Playing Cello

by Samuel Kurnianta , at 3:20 AM , have 0 comments
Body Position

Cello played in a seated position. Weighing supported by an endpin, laid down on the floor, and the bottom is positioned between the knees, while the upper part is positioned in the upper chest. The neck of the cello is placed above the left shoulder. Arc is drawn horizontally across the strings. At first, she used to play with the cellist sitting sideways, because at the time it was considered impolite for women to sit with knees apart before the public. The position does not affect the player's hand to hold the cello.

Very rare to find a player who plays cello upside down: this is usually due to a person's physical disability where the hands or arms would not be able to play the technique of playing in such a position, other than that the cellist also still have to reset the cello (the string positions, bass lines , sound post, fingerboard shape, and the shape is not symmetrical cello).

The position of fingers in the left hand holding the strings is very influential on the resulting tone. The closer to the bridge where the string is pressed, the resulting sound will be even harder, because the vibrating string length becomes shorter. On the neck of the cello, the thumb is placed on the back, the thumb position parallel to the other fingers.
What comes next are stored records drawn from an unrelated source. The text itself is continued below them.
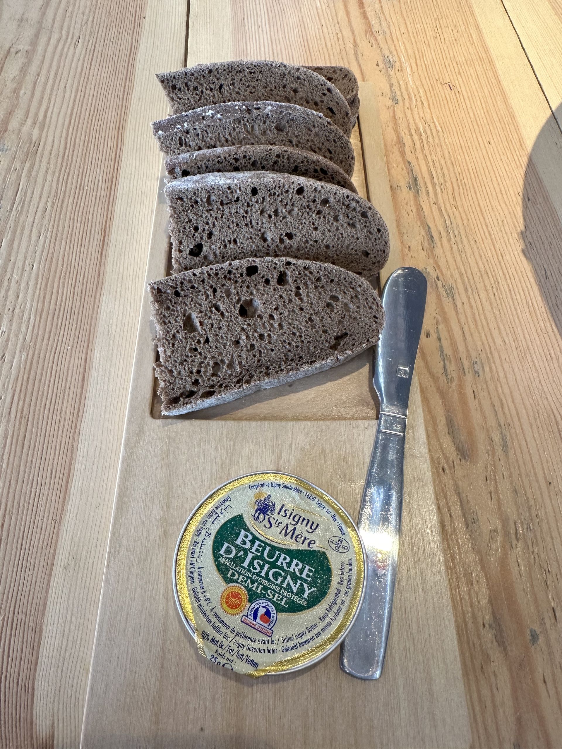 Se acompañan con una delicioso pan de centeno y exquisita mantequilla semisalada de la Bretaña, algo típico de Francia para acompañar a las ostras.
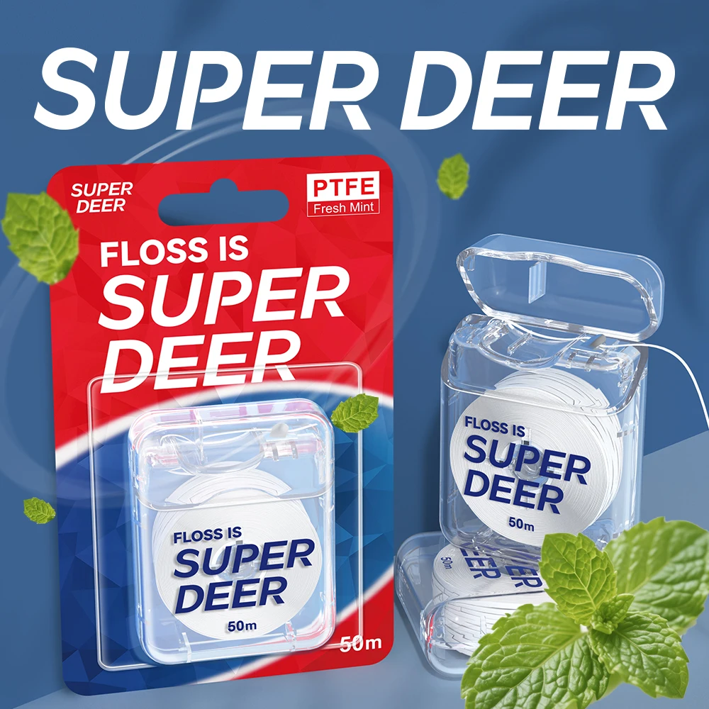 Super Deer Flat Dental Floss Mint PTFE Floss Gentle on Gums Expands & Stretches Plaque Remover for Teeth 55 yd
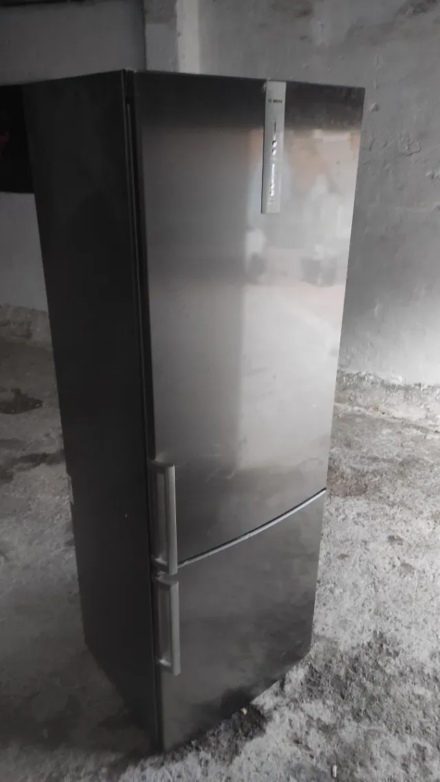 Detalles del productoNevera de la marca Bosch, con acabado en acero inoxidable.
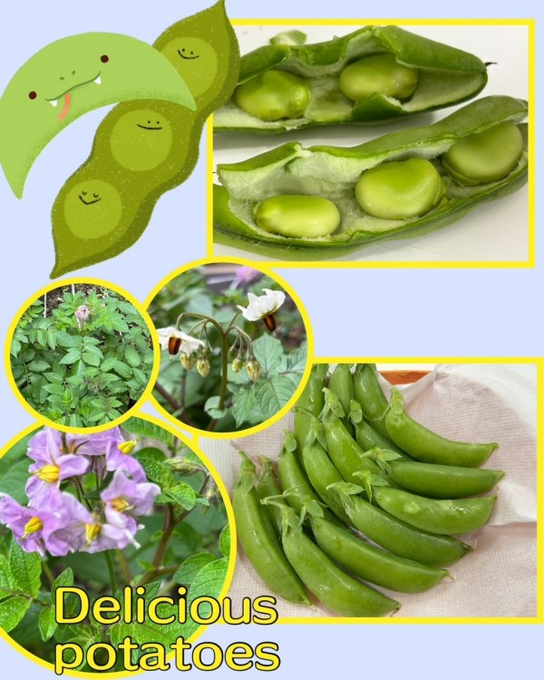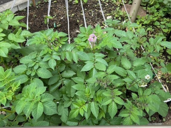 ジャガイモは、春から初夏にかけて花を咲かせ、葉の下の地中にイモが育っています。

Strings and the thumb is used to generate tones. His fingers are usually held the cello with a curved position, with strings attached to the fingertips. If a finger is required to play two strings to know more, then it can be done using flat. In the game the slower and more expressive, the point of contact between the fingertips and the string can be changed from the nail to the inside tip of the finger, so as to produce a better vibrato.

Vibrato

Vibrato is a small oscillation in a tone, which is considered to be more expressive. It is produced from the rotation of the upper arm bone of the shoulder joint cellist, who will deliver vibration to the forearm. Point the finger contact with the string absorbs this motion which then makes it vibrate. It also influences the position of the fingers that can produce a variety of tones. Vibrato is a key game expressive vibrato playing good technique is an essential element of skill to play a modern cellist.

The decision to use vibrato on how often it is used, is highly dependent on the cellist's own. The lower the pitch, vibrato generated will also be long and slow.

Harmony

Harmony is applied to the cello is divided into two parts, natural and artificial:
  • Natural harmony is produced by only a little touching (not pressing) the strings with your fingers a certain place, and then play bow (or, rarely, pulling strings). For example, the midpoint of the string will produce a harmony an octave above the strings are not pressed (open string). Natural harmony only produces a tone that is part of a series of harmonies.
  • Artificial harmony is produced by pressing the strings with a strong and pressing the same string with another finger to the weak. It will be able to produce a tone above middle C. It is usually displayed in a touch tone a perfect fourth above the stopped note, which will produce a tone two octaves above the stopped note, although it can also be played with other intervals. All harmonies produce a sound that resembles a flute, and typically played without vibrato.